- The paper shows that superposition—where multiple features share dimensions—increases adversarial vulnerability in neural networks.
- It employs toy models and ResNet18 experiments to quantify how feature interference is reduced by adversarial training.
- The findings indicate that techniques like sparse autoencoders can lower reconstruction error and improve robustness by managing superposition.
Adversarial Examples Are Not Bugs, They Are Superposition
Introduction
The paper "Adversarial Examples Are Not Bugs, They Are Superposition" explores the relationship between superposition and adversarial examples in neural networks. Despite extensive research, adversarial examples—inputs with minor perturbations that deceive neural networks—remain a puzzle. The authors investigate the hypothesis that superposition, a concept from mechanistic interpretability, is a causal factor in producing adversarial examples. Superposition allows networks to represent more features than neurons through interference in high-dimensional spaces. The paper presents experiments with toy models and ResNet18 to support their hypothesis.
Figure 1: Overview of experiments. The three primary experiments test the relationship between superposition and robustness in different ways.
Superposition and Adversarial Vulnerability
Superposition enables models to encode more features than there are neurons, potentially leading to interference when features share dimensions. This interference can be exploited by adversarial attacks, which target multiple features in superposition.

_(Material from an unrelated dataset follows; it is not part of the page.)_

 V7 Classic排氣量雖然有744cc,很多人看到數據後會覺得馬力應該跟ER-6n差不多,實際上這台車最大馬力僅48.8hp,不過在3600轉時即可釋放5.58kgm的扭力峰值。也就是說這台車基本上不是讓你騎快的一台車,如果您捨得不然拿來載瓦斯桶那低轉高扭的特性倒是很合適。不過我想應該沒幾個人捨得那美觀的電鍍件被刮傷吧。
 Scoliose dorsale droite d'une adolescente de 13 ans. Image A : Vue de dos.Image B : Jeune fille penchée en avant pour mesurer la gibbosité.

The authors demonstrate that superposition can cause adversarial vulnerability, as models become susceptible when superposed features interfere excessively.
Causal Evidence from Toy Models
Experiment Setup
In toy models, the authors vary feature sparsity and measure resulting superposition and robustness. The setup involves projecting features into fewer hidden dimensions and measuring adversarial vulnerability using L2-bounded attacks. Feature sparsity serves as a control variable to manipulate superposition levels.
Results
Adversarial vulnerability increases with superposition, as confirmed by the rise in features per dimension when sparsity is high (Figure 2). Adversarial training—training on both clean and adversarial examples—demonstrates a reduction in superposition, indicating bi-directional causality between robustness and superposition.
Figure 2: Adversarial training reduces superposition. Comparison of models before (blue) and after (orange) adversarial training. A: Features per dimension decreases for a given sparsity level. B: Models become more vulnerable to adversarial examples as superposition increases.
Superposition Impact in Real Models
Adversarial Training and Sparse Autoencoders
The authors analyze ResNet18 models with adversarial training, using sparse autoencoders (SAEs) to estimate superposition. SAEs model superposition, as more densely superposed features lead to higher reconstruction errors. Enhanced reconstruction abilities in robust models suggest a relation between reduced superposition and increased adversarial robustness (Figure 3).
Figure 3: Robust models achieve better reconstruction at a given sparsity level. Lower MSE at fixed sparsity indicates less interference and thus less superposition.
Observations
Adversarial examples activate more features than clean inputs, indicating exploitation of superposition for interference-driven attacks. Graph models show that robust and non-robust configurations (Figure 4) present distinct feature interference patterns, reinforcing the notion of adversarial training reducing superposition.
Figure 4: Adversarial attacks activate interfering features in superposition, showing patterns in model geometry.
Discussion
The paper posits superposition as a significant factor in adversarial vulnerability. While the evidence from toy models and ResNet18 is compelling, it hinges on proxy measurements for real models due to the inability to directly manipulate superposition. The paper invites further investigation into the interplay of superposition structures and robustness, alongside individual model geometries.
Potential advancements in measuring superposition and experimental techniques will bolster understanding of adversarial robustness mechanisms. Diminishing superposition may serve as a strategic avenue for improving model robustness while respecting computational constraints, with implications for interpretability and efficient model calculations.
Conclusion
The research highlights superposition's critical role in adversarial vulnerability, backed by evidence from controlled experiments in both simplified and realistic settings. Demonstrating causal links between superposition and resilience to adversarial attacks, the paper invites further exploration. Superposition, while expanding model capacity, introduces vulnerabilities that adversarial training mitigates, forging a link between robustness and interpretability efforts in AI.